Monday, April 27, 2009

THE GARDENER'S APPRENTICE CONTINUED

Talk about your “one of these days” projects. :-P Our lot faces east with a hill on the west side. There’s maybe ten feet between back of the house and the retaining wall at the back. And it sits on a bed of clay. Wonderful dense, heavy clay. Bleech.


The problem with the section on the north side is that while it gets some sun during the summer in the winter it gets zip, zero, zilch, nada in the way of sunlight. By the time the sun comes out during the winter the sun is literally over the hill so aside from some grasses and the thymes we’ve had very little success. Soooooooo, back to the drawing board. After we’re done spading, peat mossing and composting we’ll try a perennial wild flower mix out back. Plant the mix and see who survives.


Good luck guys you’re on your own. Not really. Please grow; the flower fairies need new homes. Lol Oh, well, If we have to rethink it again at least the ground is being spaded and it’ll be in better shape than it is now.


We’ve started to get the garden in. The tomatoes, some herbs and the yearly musical chairs we play with the plants. I guess it’s taken this long to start to learn our yard. What might work where. We don’t worry too much about cutting flowers. There is one place in the house where we can put a bouquet and the terrible trio of curious kitties probably won’t bother flowers. Unh huh.


And the best thing of all for all the transplants and new plants is happening right now. It’s raining. What falls out of the sky is always better than what

Tuesday, April 21, 2009

THE GARDENER'S APPRENCTICE-MID APRIL

The refrain this spring is “one of these days.” As in one of these days we’ll get most of the weeds pulled. Or one of these days I’ll get the plants or pavers or stepping stones placed where they belong the FIRST time. A girl can dream, can’t she?


When we first planned the redo on the front yard back in ’03 there was a large Austrian pine on the south side of the yard. At the time we didn’t even take that section of the yard into our plans and it’s been a pain ever since. The tree is gone courtesy of the local utility company after a really bad ice storm. We’ve tried groundcovers and other plants but nothing has really worked. And it’s hard to get water to it.


We planted some volunteer lavender on the property line last year and they did just fine. So, this weekend we took the bull by the horns and cleared out that section again and planted lavender across that front section. There will be some other flowers behind that and then the garden section which was the old rose garden.


The arbor is repositioned, but I haven’t had time to secure it to the fence stakes. As we work up the garden section it looks like we’ll finally get the stepping stones down. Again with the repositioning. This time stepping stones. The herb garden in back didn’t really pan out. It’s on the north side on the east side of the hill and it gets almost no sun for half the year. So herbs to the front where I may actually remember that we have them. And I think we’ll just plant wild flowers out back. Pictures maybe in a month or so.

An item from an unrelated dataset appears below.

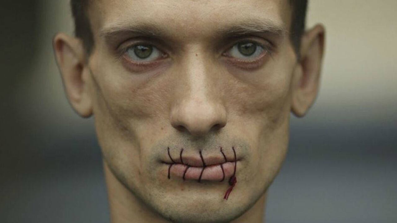 También se cosió la boca para apoyar al grupo femenino punk Pussy Riot, cuyas integrantes fueron encarceladas por cantar contra Putin en el principal templo de la Iglesia Ortodoxa Rusa en Moscú.

Actually it’s beginning to look pretty good. Granted, I winced a little when mom pointed out that the section where we pulled the shrubby groundcover next to the street really needed to be spaded before we could do anything else. Ooookay. That’s what apprentices are for. Spading is not a problem. Spading while standing on a slope with holes in it from plants you’ve dug up is a problem. As in my feet are killing me, here.

Tuesday, April 14, 2009

CHILLY

Another day, another chilly April in Oregon morning. It’s freaking 38 degrees in Springfield this morning on the day before tax day. There is a promise of warmer weather by the end of the week and I have my chilly little fingers crossed. Maybe we’ll get the arbor repositioned. Not maybe, we will get it done. We have two shrubs to plant and we can’t plant the evergreen clematis until we know where the arbor will be. Arrrrrgh, look out mud, here I come.

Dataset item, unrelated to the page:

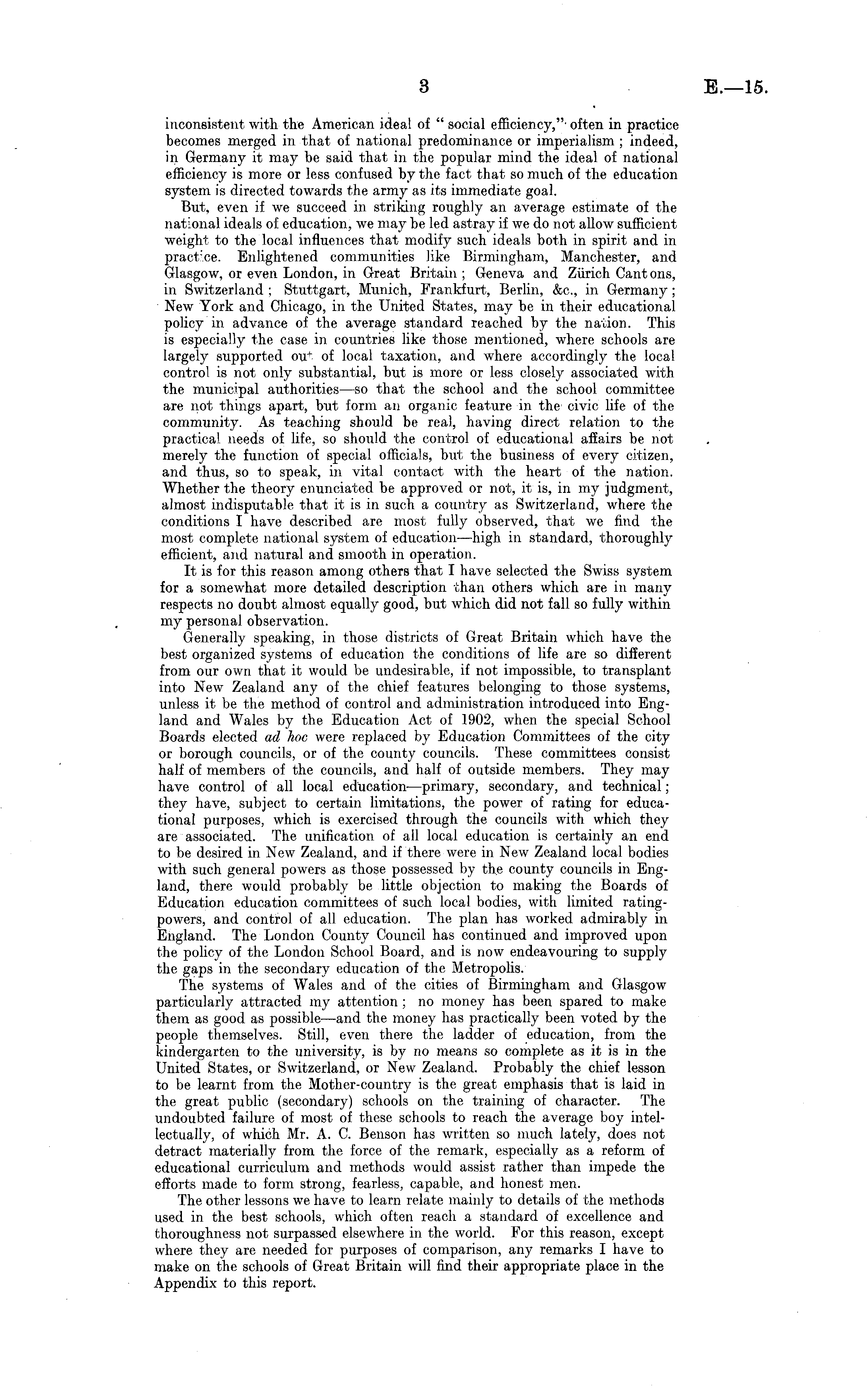 inconsistent with the American ideal of " social efficiency,"' often in practice becomes merged in that of national predominance or imperialism ; indeed, in Germany it may be said that in the popular mind the ideal of national efficiency is more or less confused by the fact that so much of the education system is directed towards the army as its immediate goal. But, even if we succeed in striking roughly an average estimate of the national ideals of education, we may be led astray if we do not allow sufficient weight to the local influences that, modify such ideals both in spirit and in practice. Enlightened communities like Birmingham, Manchester, and Glasgow, or even London, in Great Britain ; Geneva and Zurich Cantons, in Switzerland ; Stuttgart, Munich, Frankfurt, Berlin, &c, in Germany ; New York and Chicago, in the United States, may be in their educational policy in advance of the average standard reached by the nation. This is especially the case in countries like those mentioned, where schools are largely supported of local taxation, and where accordingly the local control is not only substantial, but is more or less closely associated with the municipal authorities —so that the school and the school committee are not things apart, but form an organic feature in the civic life of the community. As teaching should be real, having direct relation to the practical needs of life, so should the control of educational affairs be not merely the function of special officials, but the business of every citizen, and thus, so to speak, in vital contact with the heart of the nation. Whether the theory enunciated be approved or not, it is, in my judgment, almost indisputable that it is in such a country as Switzerland, where the conditions I have described are most fully observed, that we find the most complete national, system of education —high in standard, thoroughly efficient, and natural and smooth in operation. It is for this reason among others that I have selected the Swiss system for a somewhat more detailed description than others which are in many respects no doubt almost equally good, but which did not fall so fully within my personal observation. Generally speaking, in those districts of Great Britain which have the best organized systems of education the conditions of life are so different from our own that it would be undesirable, if not impossible, to transplant into New Zealand any of the chief features belonging to those systems, unless it be the method of control and administration introduced into England and Wales by the Education Act of 1902, when the special School Boards elected ad hoc were replaced by Education Committees of the city or borough councils, or of the county councils. These committees consist half of members of the councils, and half of outside members. They may have control of all local education —primary, secondary, and technical; they have, subject to certain limitations, the power of rating for educational purposes, which is exercised through the councils with which they are associated. The unification of all local education is certainly an end to be desired in New Zealand, and if there were in New Zealand local bodies with such general powers as those possessed by the county councils in England, there would probably be little objection to making the Boards of Education education committees of such local bodies, with limited ratingpowers, and control of all education. The plan has worked admirably in England. The London County Council has continued and improved upon the policy of the London School Board, and is now endeavouring to supply the gaps in the secondary education of the Metropolis. The systems of Wales and of the cities of Birmingham and Glasgow particularly attracted my attention ; no money has been spared to make them as good as possible —and the money has practically been voted by the people themselves. Still, even there the ladder of education, from the kindergarten to the university, is by no means so complete as it is in the United States, or Switzerland, or New Zealand. Probably the chief lesson to be learnt from the Mother-country is the great emphasis that is laid in the great public (secondary) schools on the training of character. The undoubted failure of most of these schools to reach the average boy intellectually, of which Mr. A. C. Benson has written so much lately, does not detract materially from the force of the remark, especially as a reform of educational curriculum and methods would assist rather than impede the efforts made to form strong, fearless, capable, and honest men. The other lessons we have to learn relate mainly to details of the methods used in the best schools, which often reach a standard of excellence and thoroughness not surpassed elsewhere in the world. For this reason, except where they are needed for purposes of comparison, any remarks I have to make on the schools of Great Britain will find their appropriate place in the Appendix to this report.

One of these years we’ll finally get everything where it should be in the yard. And I have a slightly used bridge in Manhattan for sale. I don’t think it’ll happen in this lifetime. If only because what plants are supposed to do according to the little tags that come with them don’t always match what they do when they get to our yard. And that’s how is should be, I guess. Living things don’t fit in neat little boxes; God/des help us if they ever do. It would make for a very boring world when that happens.